Blundell was the first, reviewed immediately and was reprieved; moments later Mitchell followed, also reviewed immediately and was not. His score of 56 was his second-lowest of a series in which he has hit a century in every match.

In sport there is victory and there is irrelevance, and Mitchell and Blundell (standard modern practice would be to take the first half of one name and the second half of the other to produce a handy portmanteau to describe them both, such as Brangelina, Benifer or labradoodle. Sadly that doesn’t really work here) will not emerge from this series as victors. But what they have achieved still requires celebrating.

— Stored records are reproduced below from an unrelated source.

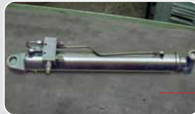
Cilindro sollevamento braccio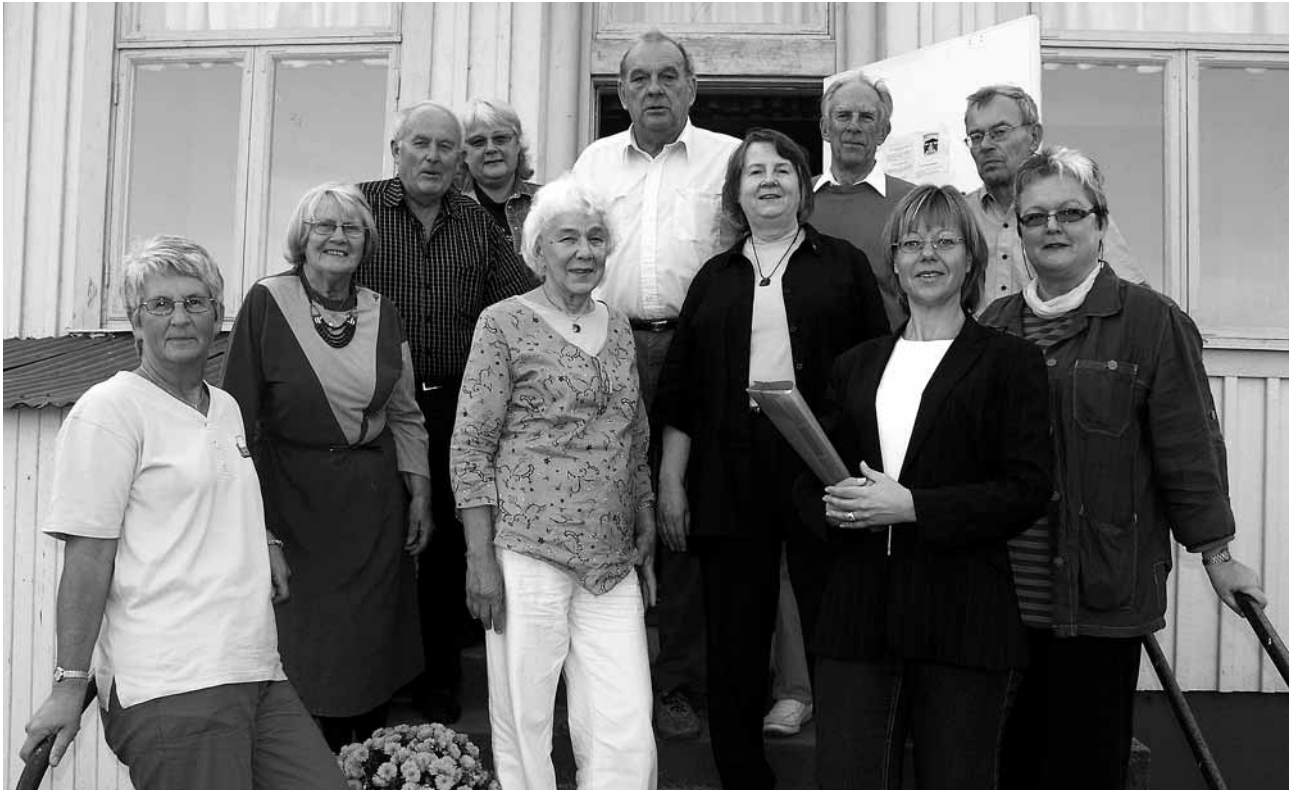
Kommungruppernas representanter samlade vid projektkontoret i Krokbäcken.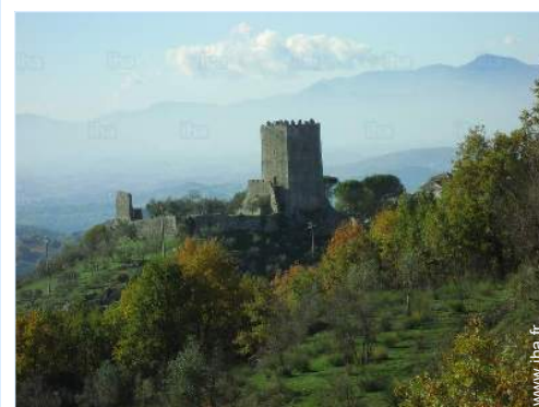
Villes à proximité

Garderie 15km Centre ville 7,5km Arrêt/station de bus 7,5km Liaison bus plage 15km Location de vélo/VTT 15km Location de moto/scooter 15km Location de voiture 15km Location de matériel de ski 50km Location linge/blanchisserie 15km Boulangerie 7,5km Petits commerces 7,5km Super marché 7,5km Salon de coiffure 7,5km Cyber café 5km Poste 7,5km Banque 7,5km Pharmacie 7,5km Médecin 5km Hôpital 15km Dispensaire 7,5km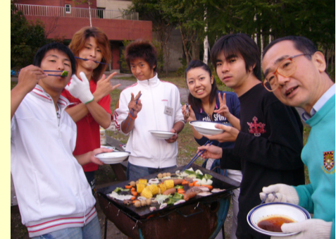
「塾生交流in立科」バーベキュー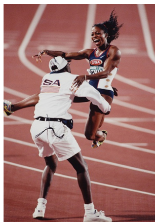
Zdj. 4. https://www.worldpressphoto.org/collection/photo/1997/sports/stan-behal, dostęp: 18.03.2017; second prize singles w kategorii Sports w WPP 1997; Kanada.

Na obu fotogramach uchwycony został moment radości po wygranej biegu, dzielony na pierwszym z mężem, na drugim z trenerem. Na zdj. 3 widać bohaterkę Igrzysk Olimpijskich w Seulu, Florence Griffith-Joyner, unoszoną przez męża po zdobyciu przez nią złotego medalu w biegu na 200 metrów i ustanowieniu rekordu świata na tym dystansie. Fokus skierowany na postacie rozmył tło, sprawiając, że mamy wrażenie obcowania z bardzo intymnym momentem dzielonego szczęścia. Przymknięte oczy Griffith-Joyner i spokojny uśmiech nadają jej twarzy wyraz błogości. Mąż z łatwością unosi jej smukłe ciało, co przydaje scenie na równi dynamiki, jak i symboliki połączenia pierwiastka kobiecego i męskiego w idealną całość. Muskularne ramiona biegaczki, obejmujące szyję

Tom Blundell cuts loose en route to 88 not out in New Zealand’s second innings
Tom Blundell cuts loose en route to 88 not out in New Zealand’s second innings. Photograph: Alex Davidson/Getty Images

They came together six times this summer, and on average each partnership was worth 120.7 runs. Only once before in this country has a pair batted so many times in a series and averaged more: Australia’s David Boon and Mark Waugh in 1993, who had five century partnerships, one of them unbroken, in six attempts and averaged 124.4. The key difference between the two achievements is that the team Boon and Waugh were playing for comprehensively outclassed their hosts.

As it happens Boon is also at Headingley this week, where he is match referee. Asked whether such a run of success makes two batters grow in confidence whenever they are united in the middle he replied, disappointingly, that as far as he can remember they didn’t even realise it had happened. The Guardian’s reporting of that series, chiefly remembered now for Shane Warne and his Ball of the Century, certainly made little of it.

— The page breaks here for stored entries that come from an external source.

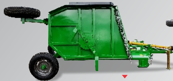
Porta cuchillas clásico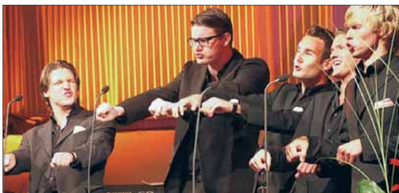
... Studierende und Ehemalige auf die Bühne im Fallenbrunnen, wo bis tief in die Nacht gefeiert wird.

sität komplett den Studierenden in Form von Voll-Stipendien zu übergeben, und der zahlreichen visionären Ausblicke auf den Fallenbrunnen, ist es die Ankündigung Jansens, sich ab Frühjahr 2009 „Zeppelin Universität“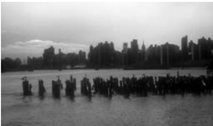
VODNI TOK: MIRNA VODA, SLEDI REKE estetska / uporabna vrednost (New York)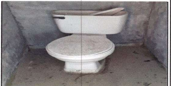
FOTO 10: Sustitución de inodoros por daños sufridos durante terremotos.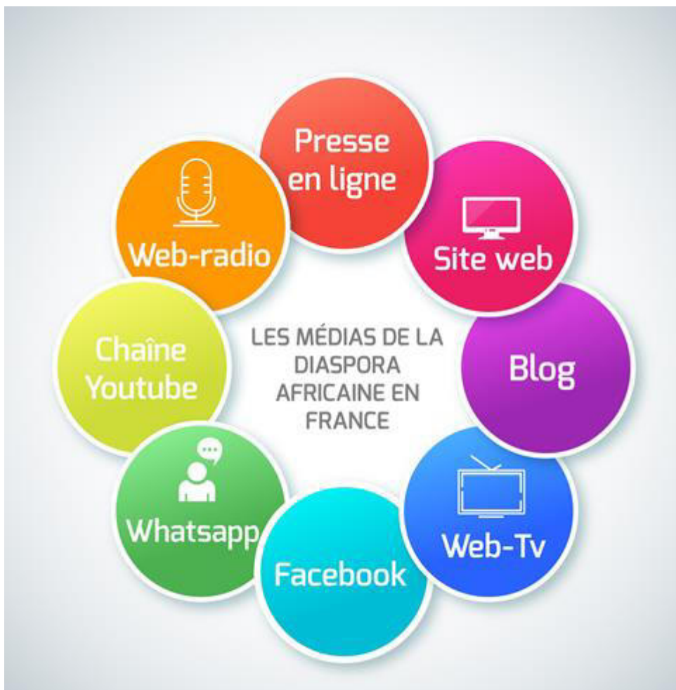
Fig. 1 : Mapping des médias diasporiques africains en France

Au total huit types différents de médias numériques ont été dégagés à travers notre base de données. Il s'agit de la presse en ligne, des blogs, des sites Web (sites d'information) des organisations associatives et autres, des Webradios, des Web-télévisions, des chaînes de télévision sur YouTube, des pages/comptes Facebook et des groupes WhatsApp. La figure suivante donne à voir la cartographie de ces médias.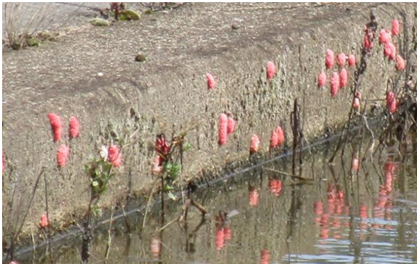
図1 用水路壁に産みつけられたジャンボタニシの卵塊 （7月の状況）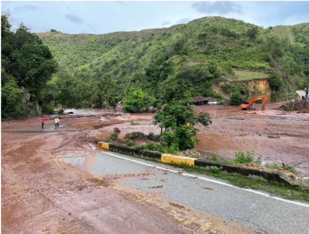
Las imágenes son desgarradoras.

“Necesitamos hacerle frente a esta situación y hacerle un llamado a toda la ciudadanía para que esté alerta a las lluvias. Hemos instalado una sala de crisis 24/7 que permita monitorear a todos los municipios con el apoyo de otros organismos”, indicó Silvano frente a la emergencia.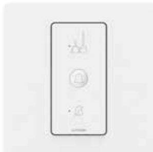
Affichage Couloir avec bouton sonnette*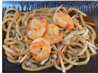
562. Udon au crevettes 20.00 chf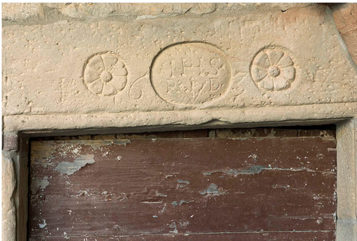
La date portée sur le linteau.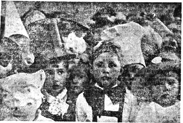
Tudi otroci so se veselili pustnih dni. Na sliki se sloer preveč resno držijo — najbrž so se ustrašili fotografa.

The combined efforts of Mitchell and Blundell might not have been enough to win the series, but they did transform it into one of frayed nerves and tight margins, one in which New Zealand have been only a few dropped catches (several of them, it must be said, by Mitchell) and a Colin de Grandhomme overstep from a very different outcome. And they have certainly been noticed.

If nothing else, the amount of time they spent in the middle made them impossible to ignore. Outside Lord’s, Trent Bridge and now Headingley there can be few Englishmen who have spent so much of the past few weeks being forced to watch the same scene repeat itself, and most of those will have been stationed outside Buckingham Palace, wearing bearskin hats and contractually obliged to stay exactly where they were.

England have tried 1,417 times to break the partnership, and succeeded on six occasions. Across the three matches their entire team have faced 5,042 balls and scored 1,909 runs; while in each other’s company Mitchell and Blundell have faced 28% of those deliveries and scored 38% of the runs (add in runs scored while they were apart and they are double-handedly responsible for 48% of New Zealand’s total).

Mitchell and Blundell are physically similar, but it is easy to differentiate them at the crease. Blundell waits for the ball with sharp angles at knee and waist, giving him the profile of a cartoon lightning bolt; Mitchell is a little taller and presents with gentle curves like the neck of a swan, and has played with all the elegance that image suggests.

And for all their combined success he has had the best lines – three centuries, two fifties, 538 solo runs – with Blundell (a mere 383, with just the one century) cast in the role of straight man, bloke at other end.

They have both been magnificent, but in the end this has been somebody else’s show.